Familiars (2021) Review
As Familiars begins Sarah (Jasmine Hodgson) is wandering peacefully through a field humming Scarborough Fair when something frightens her. She runs but a black figure looms up in front of her and her necklace falls to the ground. The next thing we see is the police investigating her murder, one in a string of similar killings. As he looks over at the corpse Sutton (Michael Munn), the detective in charge sees a hooded figure who exhales a swarm of flies. A figure that looks like him.
Emma (Jasmine Hodgson) already suffered from anxiety, but the death of her twin sister has only made it worse. A year after the murder she turns to a medium (Holly Nicoll) to find out who killed her. Almost immediately after she begins to see Sarah’s ghost. And much more hostile figures.
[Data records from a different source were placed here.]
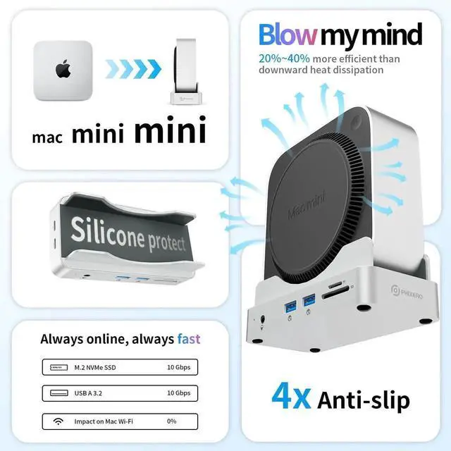 Phixero (2TB Storage) M4 Mac mini Dock, Aluminum unibody Design, 6-in-1 hub, 10Gbps USB-A, SD/TF Reader, Space-Saving Design, Non-Removable SSD
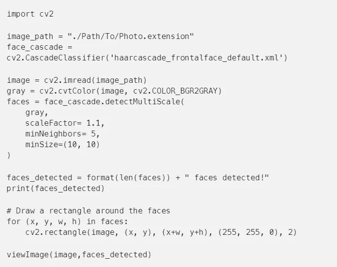 detectMultiScale函数是一种检测对象的通用函数。因为我们调用的是人脸级联,所以它会检测到人脸。
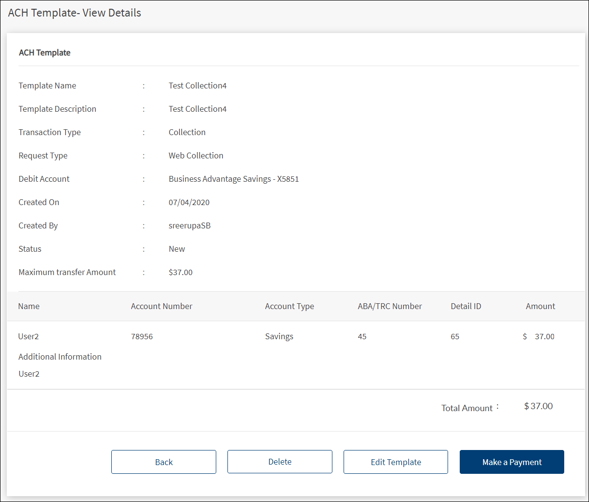 - On the ACH Templates tab, from the list of templates, click the Collect Payment or Make a Payment link. The application displays the template details screen based on the selected template.
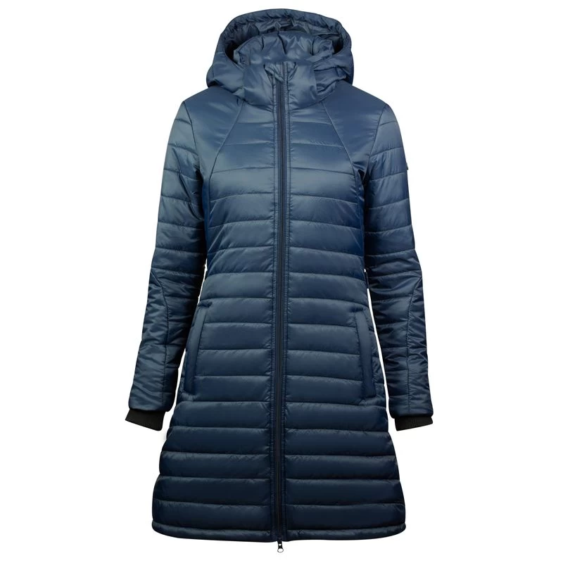 The long skirt opens in the back and magnetic snaps keep drafts away while protecting your saddle from scratchy buckles or buttons. Adjustable elastic straps on the inside let you customize the fit. A tapered waist adds a feminine fit to this versatile, long jacket. 3000mm/3000mvp, no taped seams.
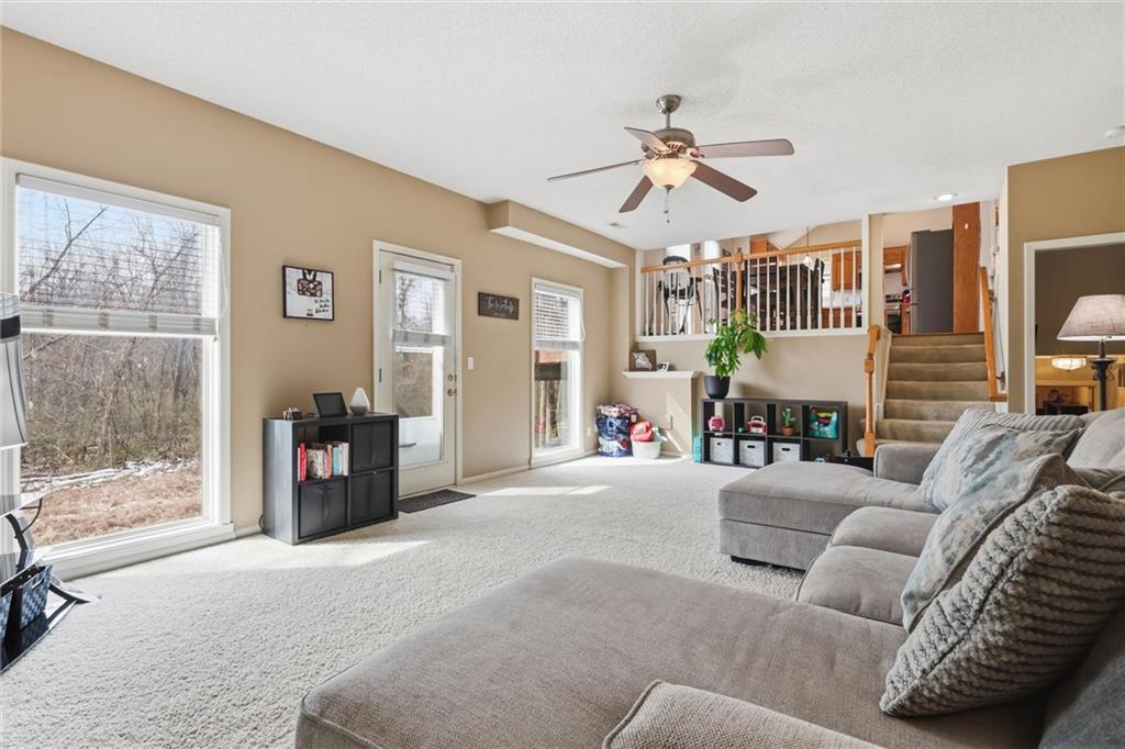 OPEN HOUSE SATURDAY 3-21, from 12-2pm. Discover this spacious and well-maintained 4-bedroom, 3-bath home featuring an oversized 3-car garage. Upon entry, you’ll find two inviting living areas and beautiful hardwood floors that extend through the kitchen and breakfast nook, highlighted by vaulted ceilings that create an open and airy feel. The Kitchen features stainless steel appliances, tons of cabinets and ample counter space, overlooking the second family room, where there is a cozy gas fireplace that adds warmth and charm to this home. To top it off, this home offers a generously sized primary suite with vaulted ceilings, a walk-in closet, and an en-suite bath complete with a jetted tub and double vanity. For added convenience, all bedrooms and the laundry room are located on the same level. And the finished basement includes a private fourth bedroom with its own entrance and bathroom—ideal for guests, extended family, or added privacy. Step outside to a backyard that backs to a wooded area, providing privacy and a setting perfect for entertaining. Conveniently located with easy access to I-35, this home offers both comfort and accessibility.

Writer/director Michael Munn (Fight the Eternal Evil, Demons) lays on the supernatural elements right from the start of Familiars. The strange burns on Sarah’s body, the hooded figure, another glimpse of some sort of creature. Multiple people see them, there’s no attempt at passing it off as all being in Emma’s head.
Unfortunately, a major problem turns up right from the start as well. Apart from evil spirits, Familiars is haunted by horrible green screen work, at times in the most unexpected places. For instance, when the police are investigating the murder scene, most of them are obviously on location. But the policewoman interviewing the woman who found the body was obviously shot in front of a screen. The same with a long car drive set to a morbid pop song about dying. It looks like a very early music video. And the less said about the CGI flames in her visions the better.
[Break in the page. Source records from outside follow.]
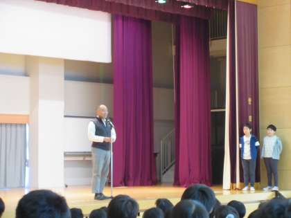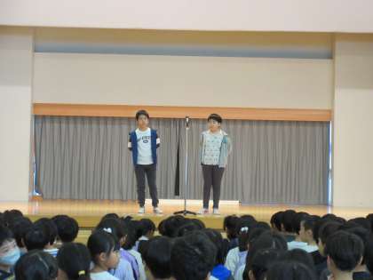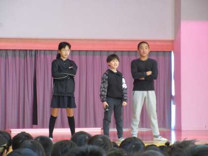 11月1日、今年度64年目を迎える城山小学校の開校記念日を祝うため運営委員会の子どもたちが司会・進行を務めて開校記念集会を行いました。本校の歴史にちなんだ寸劇やクイズなどの内容で全校児童が楽しみながら学校の誕生日を祝うことができました。
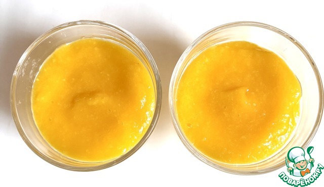Разложить пюре манго по стаканчикам. Можно приготовить в бокалах, будет выглядеть празднично.
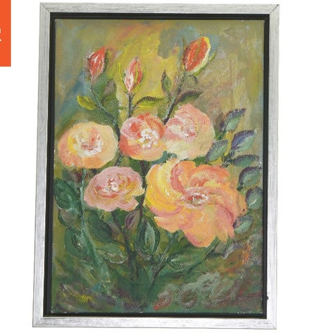 Farverigt maleri af blomster i en simpel trærame med dimensionerne 34x22 cm. Bagsiden af rammen viser en snor til ophængning.
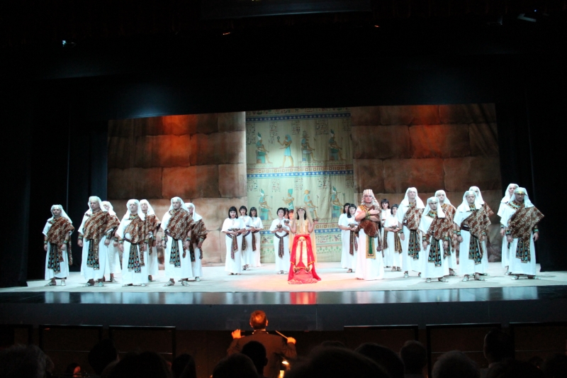 Se abrió el telón para que escuchásemos a los cantantes representando los personajes de la historia egipcia, que relata el libreto de Antonio Ghislazoni y que ni más ni menos es la de un triángulo amoroso entre la esclava etíope Aida, la hija del faraón, Amneris y el general egipcio Radamés. "Aida no es en si mismo una ópera histórica. Es una ópera de fantasía con la verdad del melodrama" (Hugo de Ana. Dtor. de escena. Teatro Real de Madrid. 1.998).
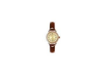 Водонепроницаемость: 3 АТМ (30 м); Категория: Женские золотые наручные часы; Стекло: минеральное с сапфировым напылением; Инкрустация (вставки): фианиты, диаметр 1,5 мм - 4 шт.; Браслет: натуральная кожа, ширина 6 мм; Корпус: красное золото 585; Вес драгметалла: 3,0 г; Механизм: Miyota, кварц; Размеры корпуса: диаметр 18,5 мм, высота 6 мм; Марка: НИКА ; Альтернативный артикул: 11238К31120
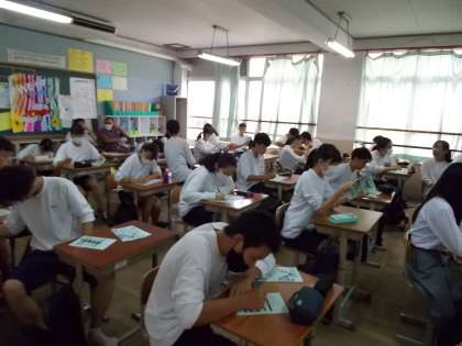 来週の修学旅行に向けて,今日の7限目に“しおり”を使って行程や持ち物,ルールなどを確認しました。ルールやマナーを守って,安全で楽しい3日間にしましょう。
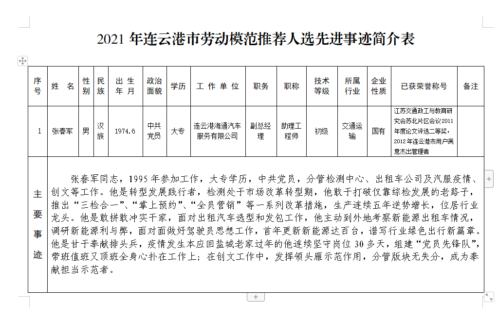附件:2021年連云港市勞動模范推薦人選先進事跡簡介表
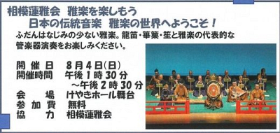 この度、『雅楽を楽しもう~日本の伝統音楽 雅楽の世界へようこそ!~』と題して、小田原…

I understand Familiars is a very low-budget film, and if you need hellfire you make do with what you can afford. But why put in a poorly composited driving scene that serves no purpose? Did Munn actually think it looked good?
After a long diversion about Emma and her boyfriend Sam (Michael Howard, Bridge) going away for a sex and booze-filled weekend Familiars gets back to the business of trying to be scary. Things pop up out of nowhere, hands reach out of the darkness, and eyes appear under Emma’s bed. One of her friends leaves after seeing a demon in Emma’s bathroom.
Unfortunately, we have no idea why any of this is happening and the effect is like walking through a fairground haunted house. Something pops out of the darkness and makes you jump then you go on unaffected until the next fake-looking creature pops out. In some ways, Familiars is the opposite of so many other recent British ghost stories such as The Jonestown Haunting or The Haunting of Alcatraz where there’s plenty of plot but we don’t see anything. Here we see plenty but we have no idea what or why.

Eventually, Sutton realizes Sarah’s death is the latest in a string that goes back a hundred and sixty years, making a serial killer an unlikely explanation. And after another music video driving sequence, this one featuring Sam, we get an explanation and the film’s big showdown.
I give Munn credit for trying to make an effects-filled supernatural film and not taking the cheap, all-talk, way out. But the lack of a cohesive, or even coherent, plot and effects that are frequently closer to laughable than frightening ruin any chance Familiars had of succeeding. It’s too bad because the design of the demons was on point, including one that looked like the title creature from The Slayer.